His message was simple. Surround yourself with talented, motivated, intelligent people, and you can't go wrong. What I ultimately found out was that you can surround yourself with all the motivated, intelligent people in the world, but if your company gets purchased, and there's overlap in your job with your new owners, you might not keep your job, but I do believe his sentiment is largely accurate.
Certainly, it applies to assembling an NFL coaching staff. Bill O'Brien needs talented, upwardly mobile assistant coaches who can develop young players and bring forth fresh ideas if the Texans are going to get to where they want to go. To that end, it's been an interesting week for O'Brien and the Houston Texans. Here are the Texans' coaching nuggets for the week, along with my thoughts on each:
Brian Cushing Added to Coaching Staff
John McClain of the Houston Chronicle was the first to report that the Texans would be adding former Pro Bowl linebacker Brian Cushing to the coaching staff:
Let's get the elephant in the room out of the way — Cushing, a two-time PED test failure with two suspensions on his ticket, will be part of the strength and conditioning staff. Yes, I know, the jokes write themselves, and there are some who are dead set against this hire, as if all of a sudden the Texans locker room is going to turn into a 1970s bodybuilding contest, with steroids available in a candy jar on the way out of the locker room. Look, I know the optics of Cushing helping in the weight room aren't the best, and I'm certainly flabbergasted at how the Texans gave Cushing a chance to finish last season after his ten game suspension (and made him captain again!), but he is reputed to be a well liked, highly intelligent football guy. If O'Brien (and Cal McNair) think Cushing can bring something to the table to make the Texans better, then hire him. If it were me, I'd have just brought him in to help with linebackers, and let the weight room thing just be a non-announced-publicly side hustle, but whatever.
Brian Cushing will be assisting with strength and conditioning. He’ll also help with the defense.— John McClain (@McClain_on_NFL) January 29, 2019
QB Coach Sean Ryan Leaves For Detroit
OK, this one kind of came out of nowhere. First reported by Ian Rapoport of the NFL Network, QB coach Sean Ryan is taking a lateral move to Detroit:
So why would Sean Ryan willfully choose to leave Houston for Detroit, leave Deshaun Watson for Matthew Stafford? I had Rapoport on my radio show at the Super Bowl in Atlanta yesterday, and he made it abundantly clear that if the Texans WANTED to keep Ryan, they would have. They let him go to Detroit. So perhaps O'Brien feels like he needs more juice at that position for Deshaun Watson, or perhaps there are some other in-house moves upcoming (some one promoted to offensive coordinator, perhaps?) that did not involve a bump up for Ryan, so he chose to leave. Whatever the case, Rapoport made it clear to me that O'Brien would not be ceding play calling to anybody.

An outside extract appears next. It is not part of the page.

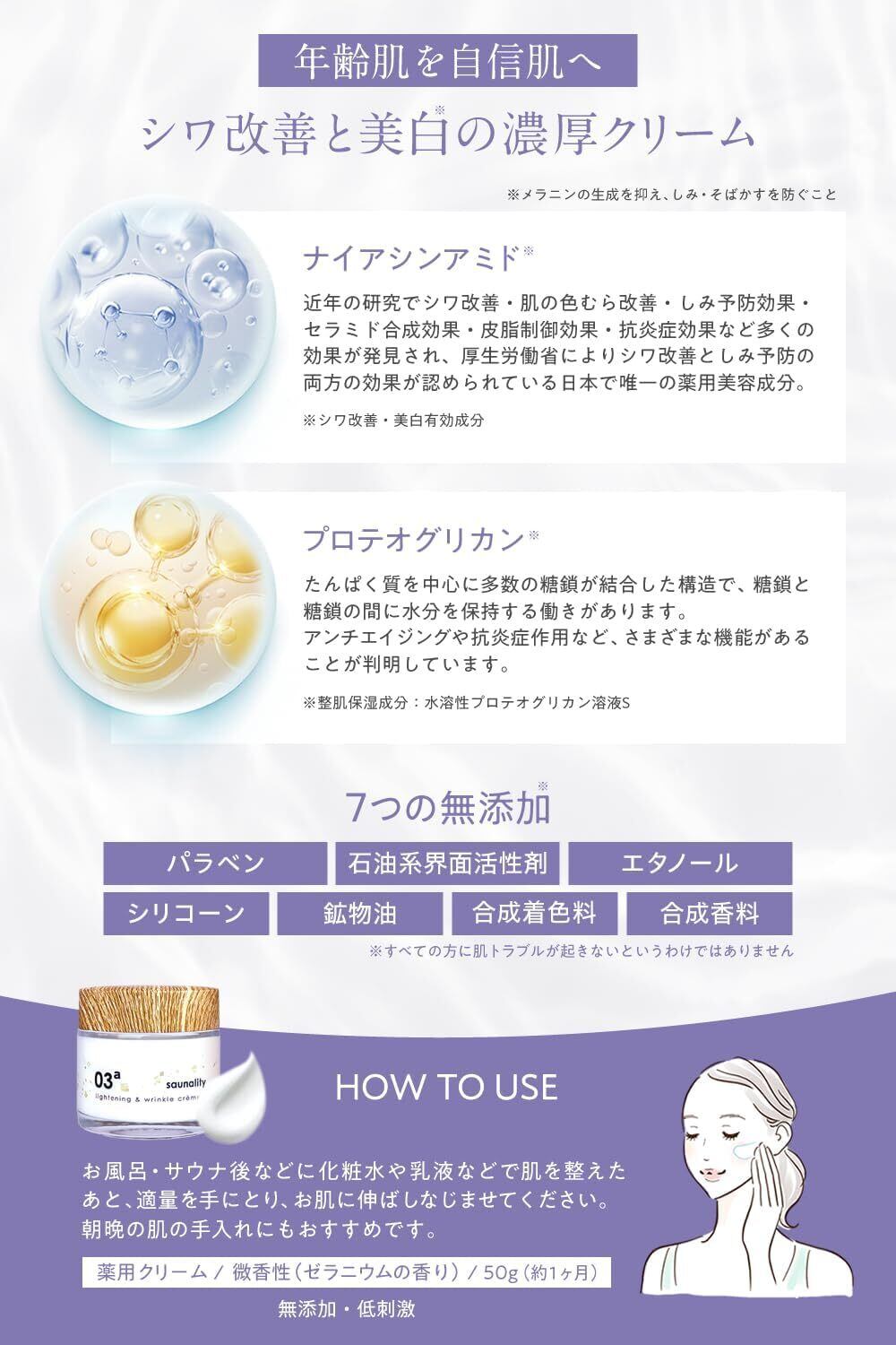 【薬用シワシミ】サウナリティ 03a ライトニング&リンクルクリーム 50g 医薬部外品 有効濃度ナイアシンアミド プロテオグリカン配合 シワ シミ エイジングケア 年齢肌
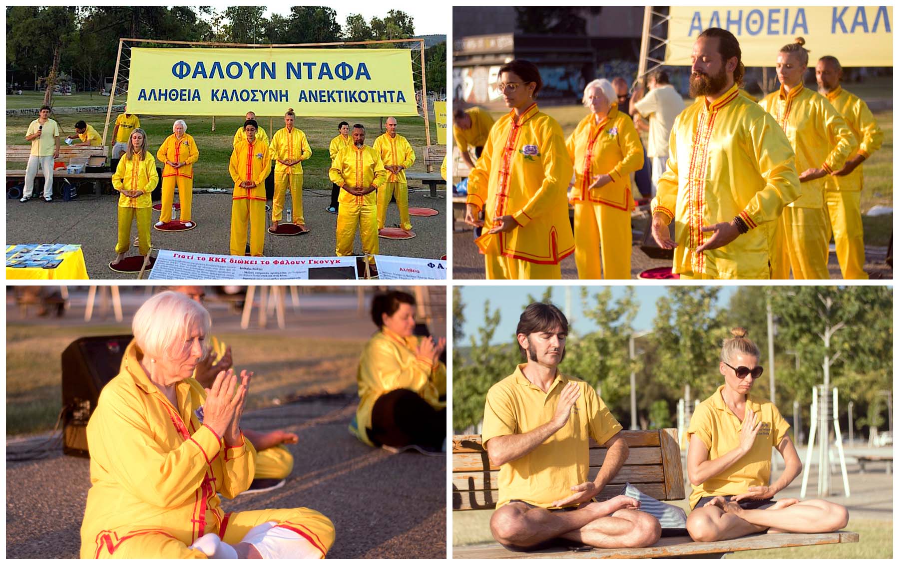 法轮功学员在希腊第二大城市塞萨洛尼基海港中心的著名海岸“lefkos pirgos”举办活动,介绍功法。

To me, the more relevant question — what's a bigger downgrade? Moving from Houston to Detroit, or coaching Deshaun Watson to coaching Matthew Stafford?
#Texans QB coach Sean Ryan is headed to the #Lions as their new QB coach, sources say. A respected, new voice for Matthew Stafford in Detroit, while Houston has a key spot on their coaching staff to fill.— Ian Rapoport (@RapSheet) January 30, 2019
Wes Welker Interviewing With San Fran, Green Bay
Of the rumblings in the Texans coaching house this week, this one registers the lowest in the Richter scale. Welker, a great slot receiver at his peak as a player, has been an offensive assistant the last couple of seasons, and now is apparently looking for a bigger role somewhere else. He reportedly is interviewing for position coach spots with the San Francisco 49ers and Green Bay Packers. If you're O'Brien (or any head coach), the ultimate validation of a coaching hire is when that person gets a promotion elsewhere, so best of luck to Welker in whatever the coaching carousel holds for him.